INPUT MATERIAL -

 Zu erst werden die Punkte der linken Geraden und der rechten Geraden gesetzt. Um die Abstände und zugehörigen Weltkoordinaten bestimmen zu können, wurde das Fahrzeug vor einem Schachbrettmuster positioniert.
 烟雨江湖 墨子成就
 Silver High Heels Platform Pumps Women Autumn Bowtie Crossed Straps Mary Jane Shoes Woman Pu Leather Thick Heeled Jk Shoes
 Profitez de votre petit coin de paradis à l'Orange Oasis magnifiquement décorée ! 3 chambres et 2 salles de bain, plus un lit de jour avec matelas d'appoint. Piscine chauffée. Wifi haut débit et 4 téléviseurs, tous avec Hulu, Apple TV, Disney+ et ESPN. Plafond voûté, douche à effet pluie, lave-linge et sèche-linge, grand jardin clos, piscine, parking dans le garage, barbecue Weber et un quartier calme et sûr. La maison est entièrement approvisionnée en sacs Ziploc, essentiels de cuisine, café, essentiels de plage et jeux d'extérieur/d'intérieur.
* * *
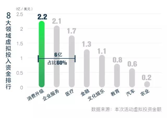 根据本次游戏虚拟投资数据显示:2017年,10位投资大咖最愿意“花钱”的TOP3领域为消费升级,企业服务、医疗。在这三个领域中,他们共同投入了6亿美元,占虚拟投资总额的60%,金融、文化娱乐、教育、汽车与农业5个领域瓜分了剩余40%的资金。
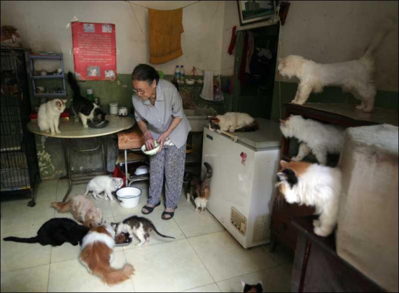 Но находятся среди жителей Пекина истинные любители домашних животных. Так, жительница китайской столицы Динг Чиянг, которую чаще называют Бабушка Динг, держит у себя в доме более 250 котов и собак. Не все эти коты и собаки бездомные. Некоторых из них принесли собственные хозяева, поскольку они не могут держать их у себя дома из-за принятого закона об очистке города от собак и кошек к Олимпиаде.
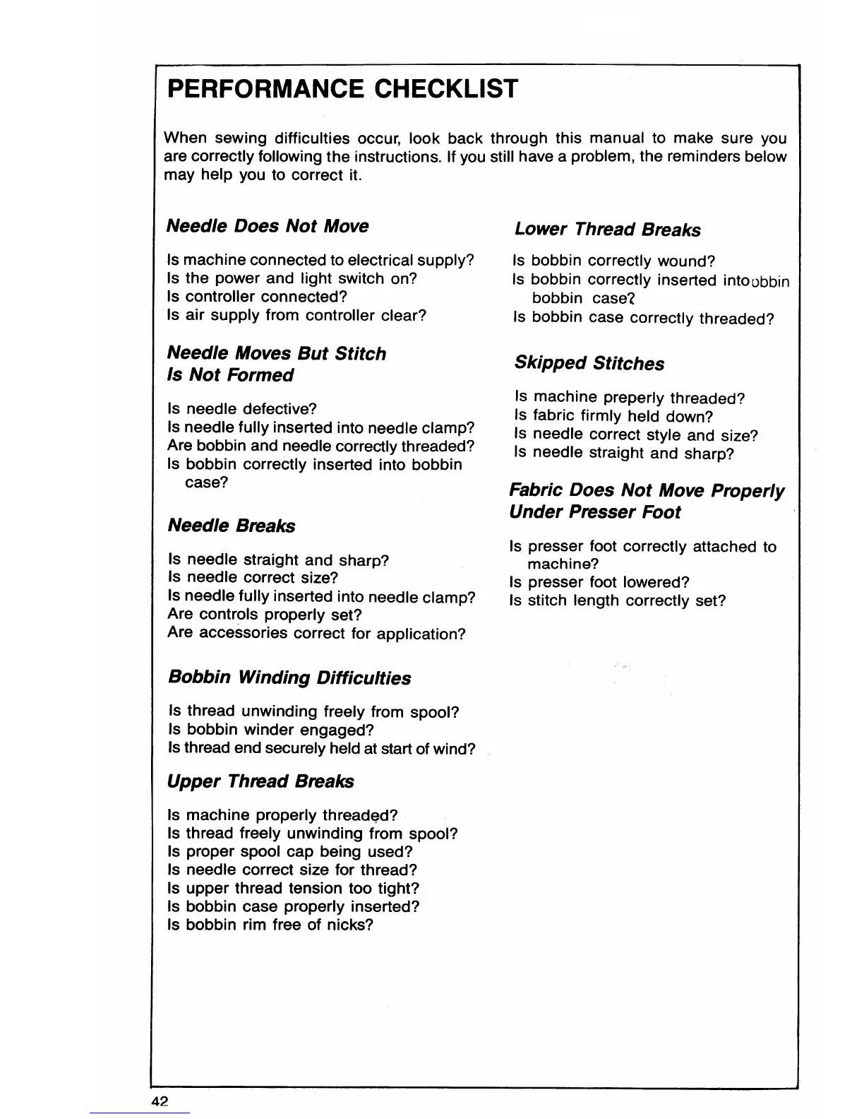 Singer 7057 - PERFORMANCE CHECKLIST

REQUIRED WORK - Retype the portion of the data above that starts on the line with "Zu erst werden" and finishes on the line with "Profitez de votre", including both of those lines.

RESPONSE BELOW -
 Zu erst werden die Punkte der linken Geraden und der rechten Geraden gesetzt. Um die Abstände und zugehörigen Weltkoordinaten bestimmen zu können, wurde das Fahrzeug vor einem Schachbrettmuster positioniert.
 烟雨江湖 墨子成就
 Silver High Heels Platform Pumps Women Autumn Bowtie Crossed Straps Mary Jane Shoes Woman Pu Leather Thick Heeled Jk Shoes
 Profitez de votre petit coin de paradis à l'Orange Oasis magnifiquement décorée ! 3 chambres et 2 salles de bain, plus un lit de jour avec matelas d'appoint. Piscine chauffée. Wifi haut débit et 4 téléviseurs, tous avec Hulu, Apple TV, Disney+ et ESPN. Plafond voûté, douche à effet pluie, lave-linge et sèche-linge, grand jardin clos, piscine, parking dans le garage, barbecue Weber et un quartier calme et sûr. La maison est entièrement approvisionnée en sacs Ziploc, essentiels de cuisine, café, essentiels de plage et jeux d'extérieur/d'intérieur.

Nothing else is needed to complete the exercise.